Я был молод тогда, и любопытства во мне было больше, чем страха. Я стал прислушиваться, я весь превратился в слух, убежать подальше в лабиринт и затаиться под дерном даже не пришло мне в голову. Я только слушал себе и слушал. Было ясно, что кто-то роет землю, подобно мне, правда, звук был послабее, хотя какое было между нами расстояние, было трудно сказать. Я насторожился, но самообладания не потерял. Может, я занял чужое владение, подумал я, и хозяин теперь прорывает ход ко мне. Если бы предположение мое оправдалось, я, не имея склонности к завоеваниям и битвам, вероятно, удалился бы отсюда подальше и там начал бы новую стройку. Что ж, я был еще молод и бездомен и мог сохранять хладнокровие. Дальнейший ход событий также не принес мне особых волнений, только понять его было не так уж легко. То ли тот, кто там рыл и, возможно, стремился ко мне, изменил направление, потому что я, прервав работу, лишил его ориентира, то ли он сам изменил свои намерения.
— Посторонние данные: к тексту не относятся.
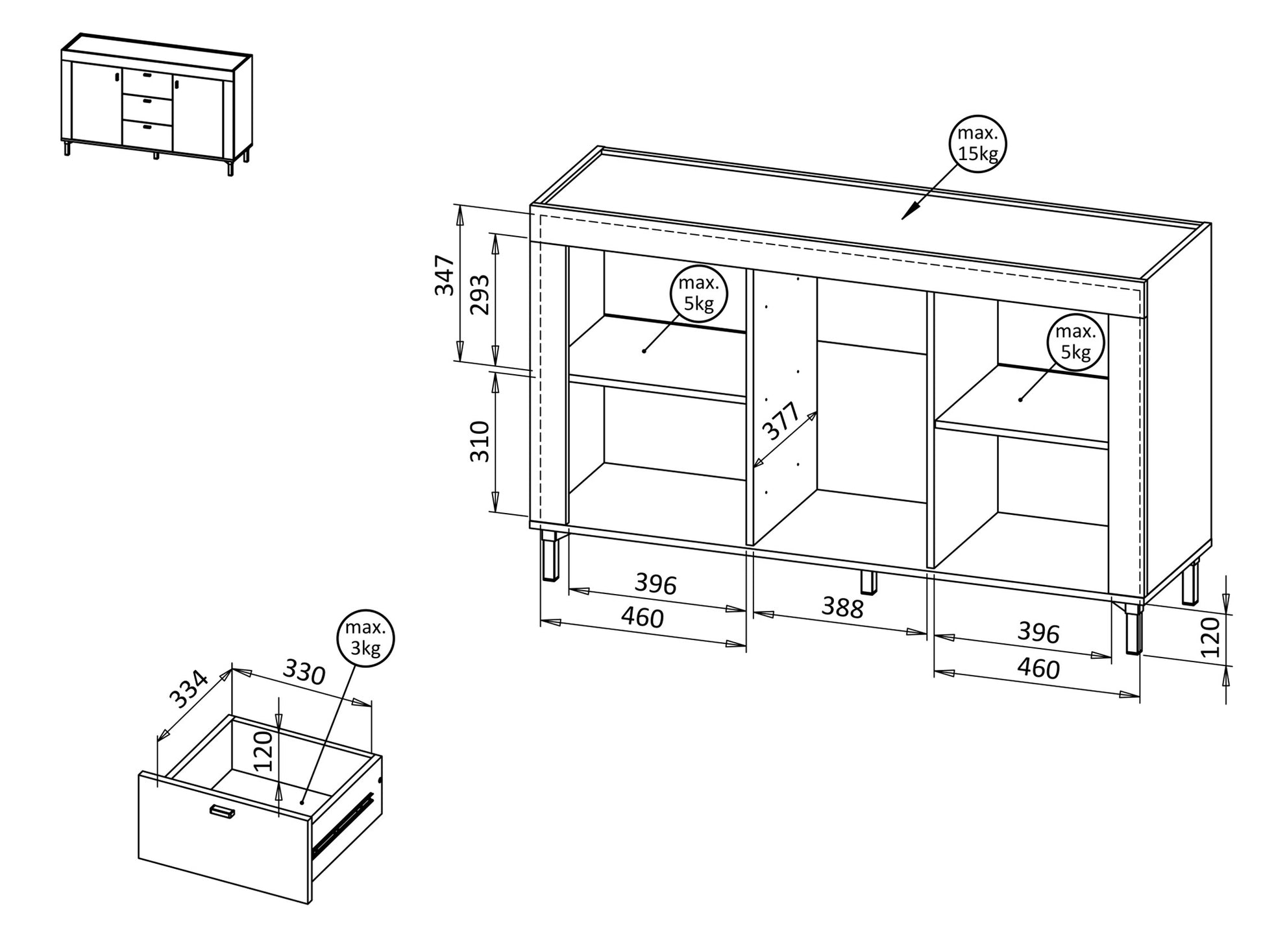 Kumode Lamos 130/77/38 cm bēšs/zelts

А может, я просто ошибся и он вовсе не направлялся ко мне. Какое-то время шум еще усиливался, и я по молодости лет своих уже раззадорился встречать землекопа, который вот-вот появится передо мной; но потом шум стал затихать, удаляться, словно бы уходить в противоположную сторону, и наконец совсем смолк. Долго еще я пытался уловить его звуки в наступившей тишине, пока не принялся снова за дело. Это предостережение было достаточно внятным, но я скоро забыл о нем, и на мои строительные планы оно не повлияло.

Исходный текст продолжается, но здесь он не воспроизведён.